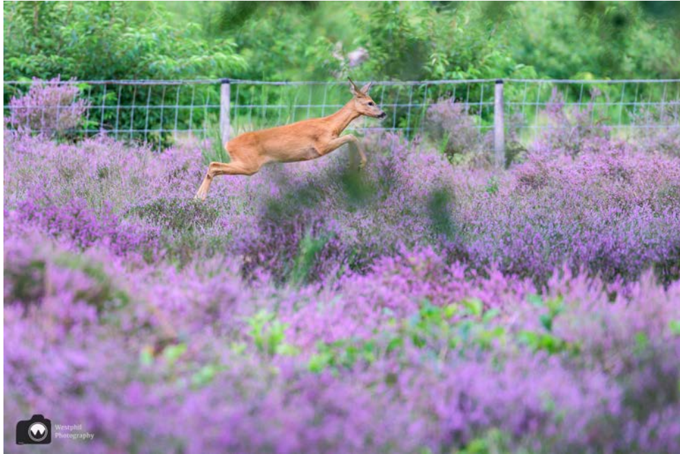
Moeder ree slaat op de vlucht.
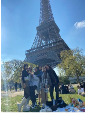
和交換生朋友在巴黎鐵塔前的戰神廣場野餐。
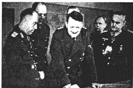
希特勒与罗马尼亚元帅(左一)研究战况
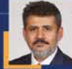
Ömer Oruç Bilal DEBGİCİ Kahramanmaraş Milletvekili
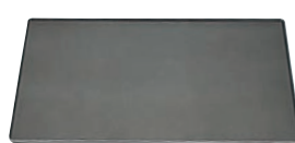
⑦ ノンスティック アルミ ベーキングシート
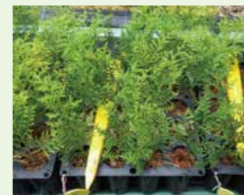
無花粉ヒノキの直さし試験

社会問題になっているスギ・ヒノキ花粉症に対し、これまでの研究成果を基に、無花粉ヒノキの苗木生産実用化及び無花粉スギの苗木生産効率化に取り組んでいます。また、雄花着花量調査に基づく花粉飛散量予測も実施しています。(全国初の無花粉ヒノキ「丹沢 森のミライ (愛称)」令和3年春初出荷・令和4年3月15日品種登録)
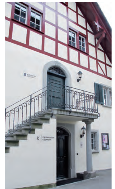
Obere Mühle: Tobelweg 1, unten Ortsmuseum Künsnacht, oben Musikschule Künsnacht.
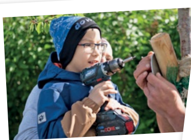
Eine große Hilfe beim Anbringen des Namensschildchens.
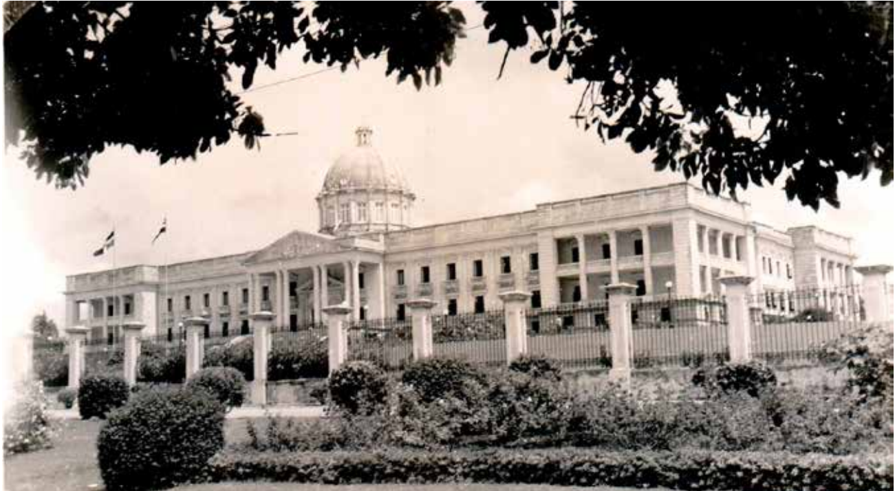
El Palacio Nacional inaugurado en 1947 con motivo de la toma de posesión del cuarto periodo presidencial del dictador Rafael Leonidas Trujillo.

y especialista principal, respectivamente, del Archivo Central del MINREX, por enviarnos una copia, vía internet, autorizando la divulgación del documento. Con ellas compartimos la satisfacción de publicarlo en la revista Memoria , órgano informativo del Museo Memorial de la Resistencia Dominicana, para ponerlo a disposición de los estudiosos interesados en conocer los sucesos acaecidos en ese tramo de la historia dominicana contemporánea.
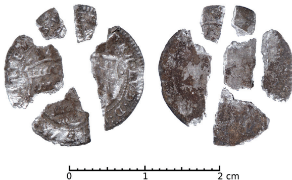
Ryc. 31. Kamienna Góra. Krajcar wirtemberski. Skala 2:1

II. M.: dawne miejsce straceń z relikami murowanej szubienicy położone na pn. stoku Góry Szubianki (dawniej Galgenberg). D.: 20 lipca 2015 r. Ok.: badania archeologiczne prowadzone przez dra Pawła Dumę z Instytutu Archeologii Uniwersytetu Wrocławskiego. K.: moneta została odnaleziona na pograniczu warstwy humusu i warstwy użytkowej dawnego placu straceń. L.: 1 moneta. Zb.: Instytut Archeologii Uniwersytetu Wrocławskiego.
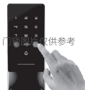
4.在门锁上操作，依次输入*和#，进入系统设置
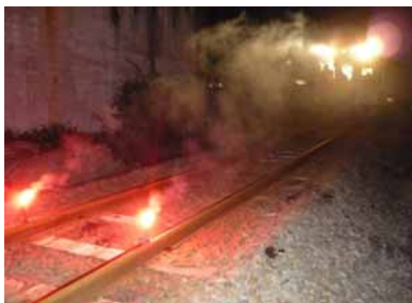
・列車衝突を防止するために信号炎管に点火
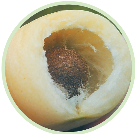
蒲桃的果实水不多，但味甜、微涩而回甘，让喜欢的人欲罢不能。
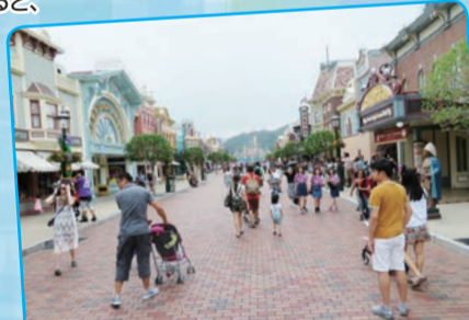
人がまばらな場内。赤字運営のうわさも。さらにキャストが不愛想なのはちょっとびっくり。トイレを聞くと、オーバーゼア、と指をさして終わり。笑顔無しだった

◆ Task brief ◆
With the pictures removed, repeat the listing above exactly as it stands.

◆ Solution to this exercise ◆
Moeder ree slaat op de vlucht.
和交換生朋友在巴黎鐵塔前的戰神廣場野餐。
希特勒与罗马尼亚元帅(左一)研究战况
Ömer Oruç Bilal DEBGİCİ Kahramanmaraş Milletvekili
⑦ ノンスティック アルミ ベーキングシート
無花粉ヒノキの直さし試験

社会問題になっているスギ・ヒノキ花粉症に対し、これまでの研究成果を基に、無花粉ヒノキの苗木生産実用化及び無花粉スギの苗木生産効率化に取り組んでいます。また、雄花着花量調査に基づく花粉飛散量予測も実施しています。(全国初の無花粉ヒノキ「丹沢 森のミライ (愛称)」令和3年春初出荷・令和4年3月15日品種登録)
Obere Mühle: Tobelweg 1, unten Ortsmuseum Künsnacht, oben Musikschule Künsnacht.
Eine große Hilfe beim Anbringen des Namensschildchens.
El Palacio Nacional inaugurado en 1947 con motivo de la toma de posesión del cuarto periodo presidencial del dictador Rafael Leonidas Trujillo.

y especialista principal, respectivamente, del Archivo Central del MINREX, por enviarnos una copia, vía internet, autorizando la divulgación del documento. Con ellas compartimos la satisfacción de publicarlo en la revista Memoria , órgano informativo del Museo Memorial de la Resistencia Dominicana, para ponerlo a disposición de los estudiosos interesados en conocer los sucesos acaecidos en ese tramo de la historia dominicana contemporánea.
Ryc. 31. Kamienna Góra. Krajcar wirtemberski. Skala 2:1

II. M.: dawne miejsce straceń z relikami murowanej szubienicy położone na pn. stoku Góry Szubianki (dawniej Galgenberg). D.: 20 lipca 2015 r. Ok.: badania archeologiczne prowadzone przez dra Pawła Dumę z Instytutu Archeologii Uniwersytetu Wrocławskiego. K.: moneta została odnaleziona na pograniczu warstwy humusu i warstwy użytkowej dawnego placu straceń. L.: 1 moneta. Zb.: Instytut Archeologii Uniwersytetu Wrocławskiego.
4.在门锁上操作，依次输入*和#，进入系统设置
・列車衝突を防止するために信号炎管に点火
蒲桃的果实水不多，但味甜、微涩而回甘，让喜欢的人欲罢不能。
人がまばらな場内。赤字運営のうわさも。さらにキャストが不愛想なのはちょっとびっくり。トイレを聞くと、オーバーゼア、と指をさして終わり。笑顔無しだった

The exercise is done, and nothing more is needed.